These things bother me.. as I value authenticity.

Sometimes I don't know if something happens, basic example: using the word "bro". I obviously picked that up, because I don't have a blood related brother

How does one, with certainty, differentiate what is honest and should be expressed vs what is something we do or say that isn't necessarily in agreement with our values?

Applying values.. and sticking to them, comes to mind.

I guess my fear is that I have more blindspots than I thought.

^ is that a natural realization with age?
 
Yes. IME. It is something that occurs as you age. Well, I think it’s just you get crystallized intelligence in your 30s and I noticed all kinds of things I was blind about before.

As far as being honest and authentic with EVERYONE. You can’t. I mean you might be able to if you are very discipline about it but everybody lies!

What I mean is how many times has someone been asked how they ar this week when they were not doing so good and just said “I’m good. How are you?” Or something.

That’s a lie.

Only person who has never ever lied I’m convinced is God.

Should we strive to achieve honesty and authenticity in all that we do. Absolutely. But the reality is in this life some things you have to have moral flexibility with.

I don’t believe in hurting people but I could kill a man under the right conditions.
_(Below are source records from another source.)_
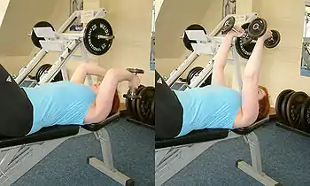 • The bench press or dumbbell bench-press is performed while lying face up on a bench, by pushing a weight away from the chest. This is a compound exercise that also involves the triceps and the front deltoids, also recruits the upper and lower back muscles, and traps. The bench press is the king of all upper body exercises and is one of the most popular chest exercises in the world. It is the final exercise in 'The big 3'.
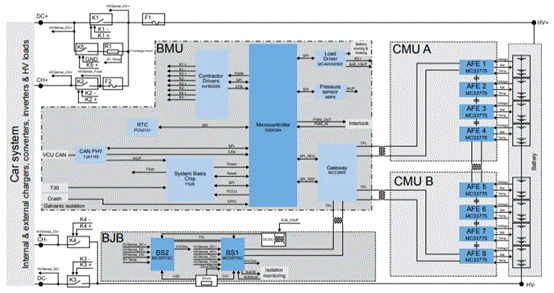 BMS由電池管理單元(BMU)、電池監(jiān)測(cè)單元(CMU)和電池接線盒(BJB)3個(gè)模塊組成,如何在作為系統(tǒng)大腦的BMU、CMU和BJB子系統(tǒng)之間建立BMS內(nèi)部通信也需要設(shè)計(jì)人員在選擇方案時(shí)做出仔細(xì)評(píng)估。
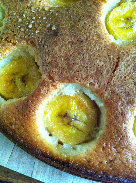 Añadimos la harina con la levadura . Metemos en el molde y por encima ponemos los plátanos previamente cortados en rodajas y azúcar moreno .
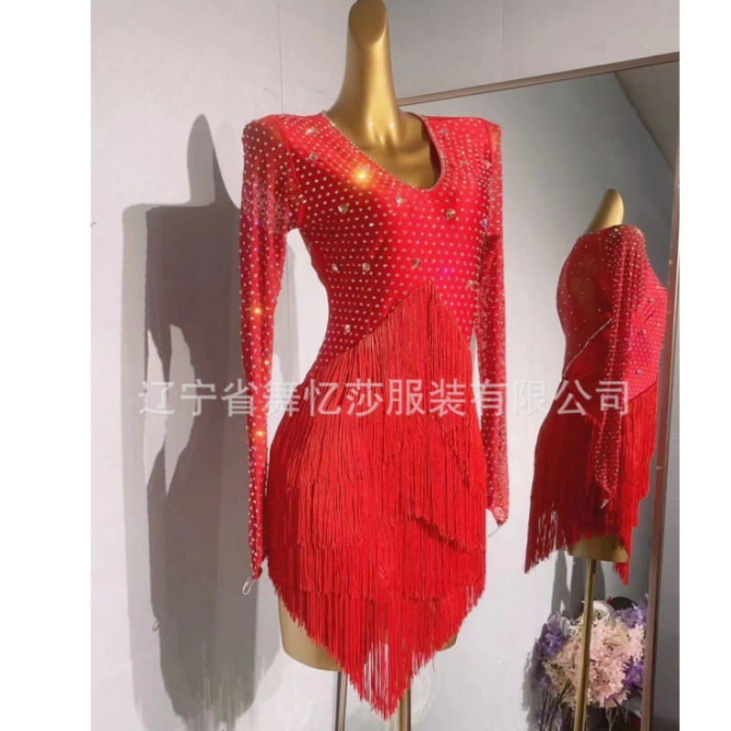 Baju dansa lengan panjang wanita, baju pertunjukan kompetisi profesional, pakaian dansa rumbai seksi baru musim panas, baju wanita lengan panjang, baju dansa Latin
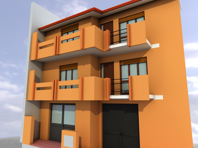 Il resto, per il momento, è di contorno. In seguito vorrei rifinire meglio le porte d'ingresso, i vetri, la gronda e il pavimento davanti ai garage.
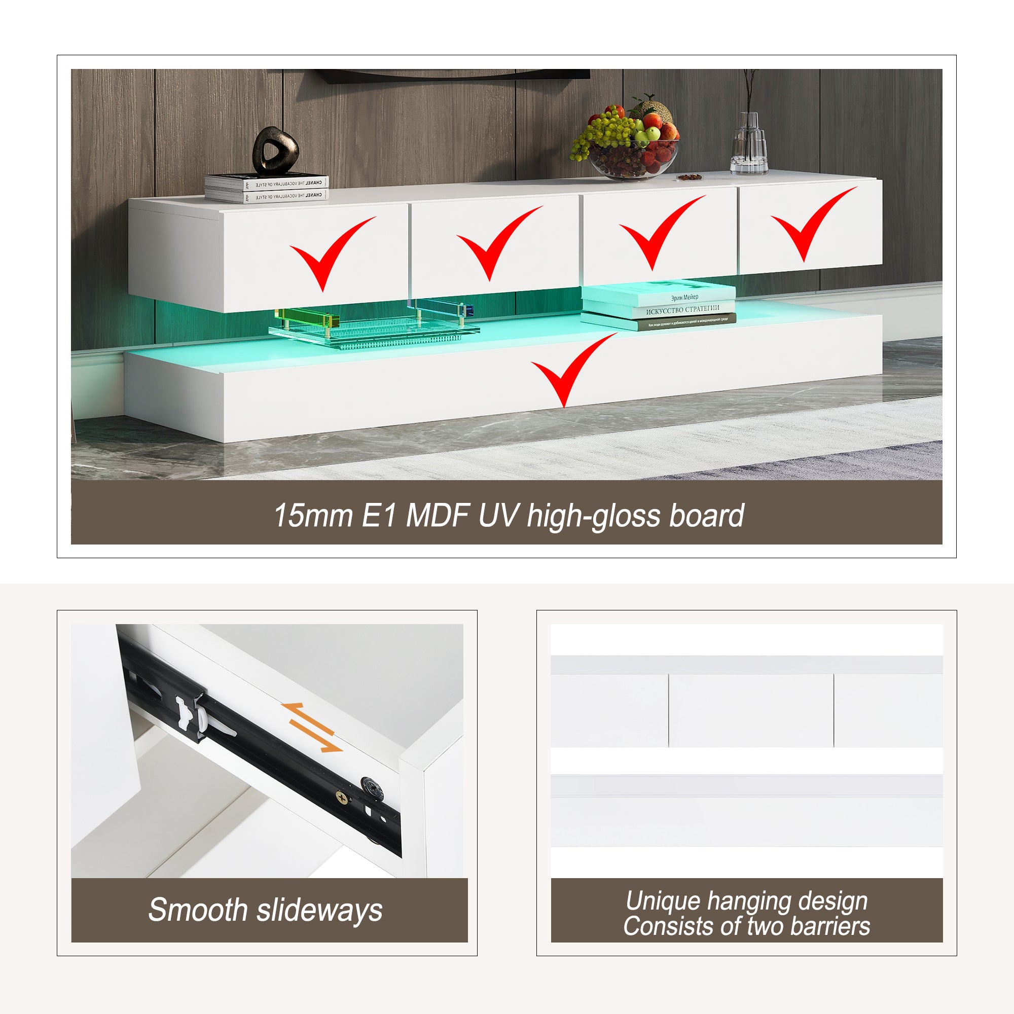 This product seamlessly combines multifunctional storage with an aesthetically pleasing, hanging hollow design. It can be conveniently wall-mounted to maximize space, making it perfect for smaller living areas. Its modern, lightweight appearance effortlessly blends into any decor. Four equally sized drawers on the top, with internal dimensions of 23.5 x 25 x 6.5 cm, provide organized space for books, clothing, or various utensils. The hollow design may incorporate transparent elements, adding extra charm to the piece. This ensures everything is neatly stored while the stylish design enhances your home. It's both practical and elegant!
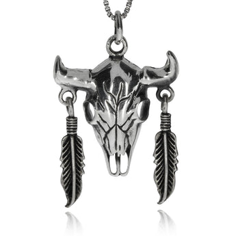 Originálně zpracovaný přívěsek s výraznou indiánskou symbolikou. Buvolí lebka představuje Velkého ducha. Přívěsek je vyrobený ze stříbra se starostříbrnou úpravou povrchu. Ta dává skvěle vyniknout jednotlivým detailům motivu.
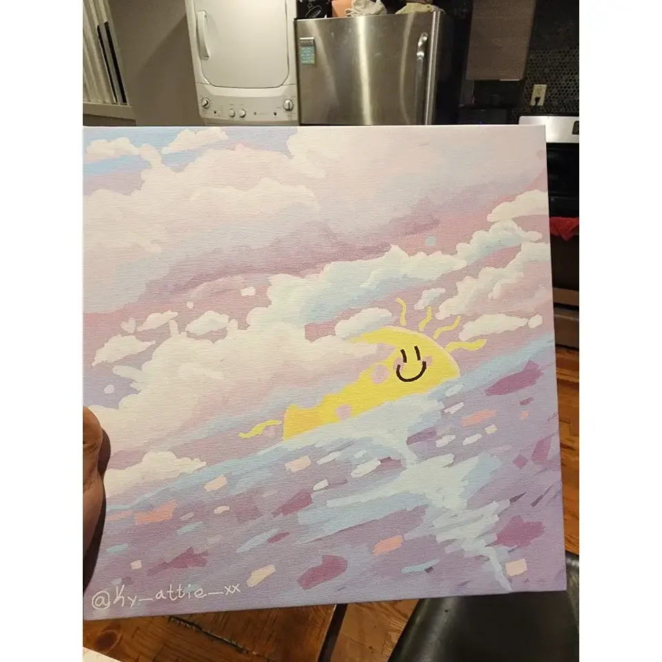 Two Original Art Paintings-Cute Bunny Character & Cheerful Sun in Clouds 12x12 Canvas $150 & $65

This is moral flexibility.

Essentially when it’s necessary I will flex my morals or rather loosen them a little.

When a coworker asks you if you are okay and you are not and you say I’m fine. Thats fine. You don’t want your work life to mix too muckk h with your home life and they don’t really want to know most the time anyway so why am I going to sit and explain my problems to a coworker.

Just examples…

Honestly, I really think that you are overanalyzing this. I know because I’m a thinker too. And we can get lost in the small details and miss the bigger picture when we do this too much
 
. But the reality is in this life some things you have to have moral flexibility with.

I don’t believe in hurting people but I could kill a man under the right conditions. This is moral flexibility.

So that's okay and "normal" right?

To relate, I do feel like my morals pop off for the worse and better. I feel like the fluidity is too strong though.. like the shits right beneath the surface, good and bad.

Can't I just choose good? But is that maintainable and expressive of ALL of me?




Honestly, I really think that you are overanalyzing this. I know because I’m a thinker too. And we can get lost in the small details and miss the bigger picture when we do this too much

I must be. Wouldn't be the first time.

That's interesting though, because small details sometimes make or break my day, big picture can overwhelm me.. however, I wish I knew what path to follow what is meant for me.

I've always walked to the beat if my own drum but man, I just don't 100% trust it
 
Moral flexibility is normal. Most people have moral flexibility.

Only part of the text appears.